Cache alignment: proxy path only

lib/cache-align.cjs (compression.cache_align.*) keeps the native-spawn prompt cacheable. Both levers act on the /v1/messages body the proxy already sees, and both are idempotent.

  • Detect never mutates anything. It scans the system prompt for cache-volatile tokens (a UUID, an ISO-8601 datetime, a JWT, a long hex hash) and logs one warning per kind, so when a prefix keeps missing the cache you can see why instead of guessing.
  • Normalize does mutate, and is opt-in. It gives the tool-definition prefix a stable byte layout (tools sorted by name, schema keys sorted recursively, array order left alone) and adds a single cache_control: {type: "ephemeral"} breakpoint on the last tool. If the caller already set any cache_control on system or tools, it leaves everything as-is — a deliberate cache layout is never disturbed.

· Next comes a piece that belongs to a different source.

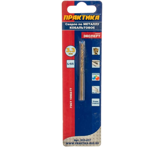 Сверло по металлу ПРАКТИКА кобальтовое 3,3х65 мм в Комсомольск-на-Амуре

The rest of compression.* keeps prefixes byte-identical. This lever is the exception: it rewrites the tool prefix on purpose to make it canonical, which is why it sits behind its own toggle.

Swarm input dedup

With compression.enabled and compression.elision.enabled both on, the Researcher-Schwarm stops re-inlining its identical k-spawn input. It caches the shared payload once, and each spawn spec then carries an input_ref hash instead of the same blob repeated k times.

Measuring it with elision-bench

elision-bench is how you check the reducers are actually behaving. It runs them over a fixture corpus and reports three things, all deterministic and with no model in the loop:

  • ratio — how much smaller the output got;
  • critical-line preservation — whether every error, failure and outlier line survived;
  • byte-exact reversibility — whether every marker resolves back to the original, byte for byte.
bash
# deterministic fidelity over the fixtures
node .nubos-pilot/bin/np-tools.cjs elision-bench

# scaled corpus + holdout control, with an estimated token (and cost) saving
node .nubos-pilot/bin/np-tools.cjs elision-bench --size large \
  --price-per-mtok 3 --currency EUR

# add answer-equivalence: raw vs compressed through a real model
node .nubos-pilot/bin/np-tools.cjs elision-bench --with-model --tier sonnet

It doubles as the regression net for the reducers. It has already caught two bugs in lib/compress.cjs that the per-block fidelity checks on their own would have let through.